Elasticsearch + Analyzer + English dataset + French query

Hey guys !

I created an attribute with "annotated_text" to be able to recognize some entities

"headline": {"type": "annotated_text", "analyzer":"analyzer_shingle"}

Now I can for example look for "Turkey" and it returns [Turkey](Turkey & GPE)

But if for example the user type "Turquie" (which is the french translation of the word Turkey), the elasticsearch returns nothing.

I would like to know if there is an option that allows us to look for "Turquie" and returns the same entitie [Turkey](Turkey & GPE)
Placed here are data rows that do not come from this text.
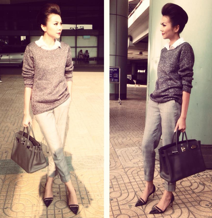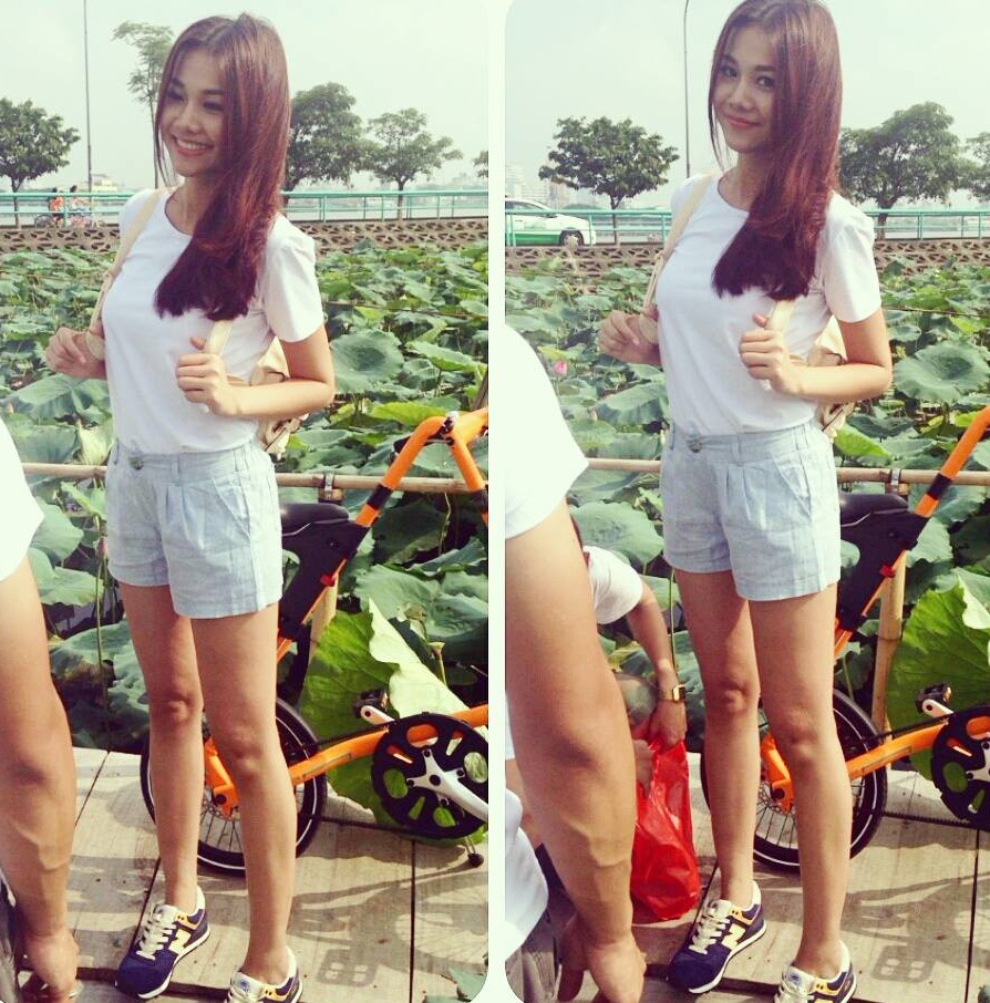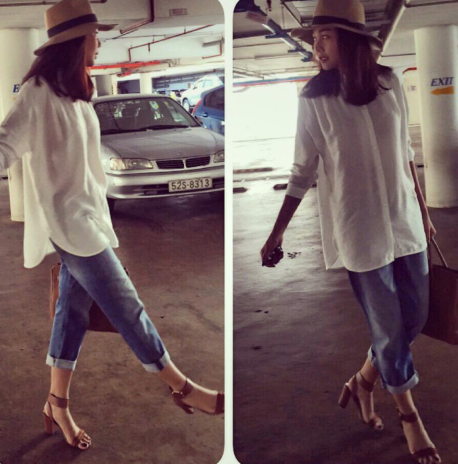| Vẻ hiện đại, phong cách tomboy thường thấy ở Thanh Hằng gắn liền với những đôi giày thể thao màu trơn. Tông màu giày và trang phục luôn được người đẹp chọn lựa kỹ càng. |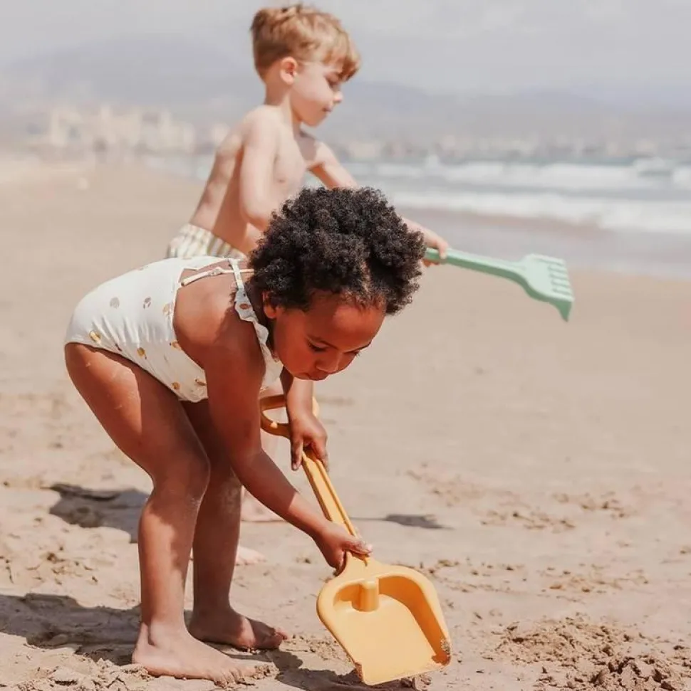 Un lot de 2 équipements parfaits pour creuser, façonner et dessiner sur le sable afin de réaliser les plus beaux bassins, chemins ou constructions imaginaires. La bêche, large et solide, permet de déplacer facilement de grandes quantités de sable, d’aplanir des surfaces ou de créer des fossés profonds. Le râteau, avec ses dents robustes, est idéal pour égaliser le sable, tracer des sillons ou dessiner des motifs amusants. Les jouets de plage et d’extérieur de Miniland, aux tons doux et apaisants inspirés du design scandinave, sont fabriqués à partir de plastique recyclé et de bioplastique. Un duo d’outils indispensable pour que les enfants puissent donner vie à leurs idées et s’amuser pendant des heures à la plage, dans le bac à sable ou au jardin.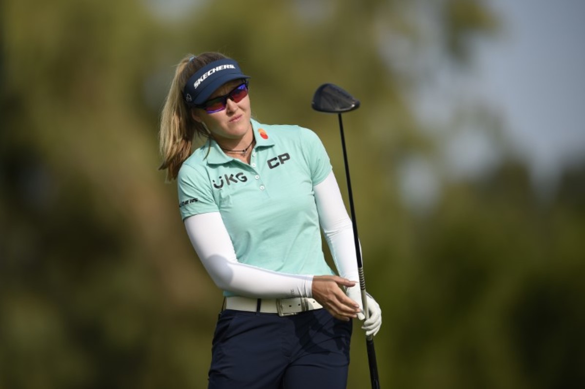 The Canadian, who turned 23 on Thursday, found herself in a four-way tie for the lead after her morning round at Mission Hills Country Club before being overtaken by American Nelly Korda, who leads the field on six-under.

Here is what I get when I look for "Turkey" :

GET newsfeeds/_search
{
  "query": {
    "term": {
        "headline": "Turkey" 
    }
  }
}

I get :

{
      "took" : 11,
      "timed_out" : false,
      "_shards" : {
        "total" : 1,
        "successful" : 1,
        "skipped" : 0,
        "failed" : 0
      },
      "hits" : {
        "total" : {
          "value" : 8,
          "relation" : "eq"
        },
        "max_score" : 4.584161,
        "hits" : [
          {
            "_index" : "newsfeeds",
            "_type" : "_doc",
            "_id" : "SB12019373229680514873104586239560012766084",
            "_score" : 4.584161,
            "_source" : {
              "headline" : """Refugees Stream Across [Turkey](Turkey&GPE), Trying to Enter the [EU](EU&ORG)

    """,
              "url" : "https://www.wsj.com/articles/refugees-stream-across-turkey-in-bid-to-enter-eu-a-baby-in-an-isotherm-bag-11583319603",
              "published" : "2020-03-04T12:36:00Z",
              "feedLink" : "http://online.wsj.com/page/2_0006.html",
              "tags" : [
                "Turkey",
                "EU"
              ]
            }
          },

When I search for Turquie

, I get :

 {
      "took" : 2,
      "timed_out" : false,
      "_shards" : {
        "total" : 1,
        "successful" : 1,
        "skipped" : 0,
        "failed" : 0
      },
      "hits" : {
        "total" : {
          "value" : 0,
          "relation" : "eq"
        },
        "max_score" : null,
        "hits" : [ ]
      }
    }

Please don't post images of text as they are hard to read, may not display correctly for everyone, and are not searchable.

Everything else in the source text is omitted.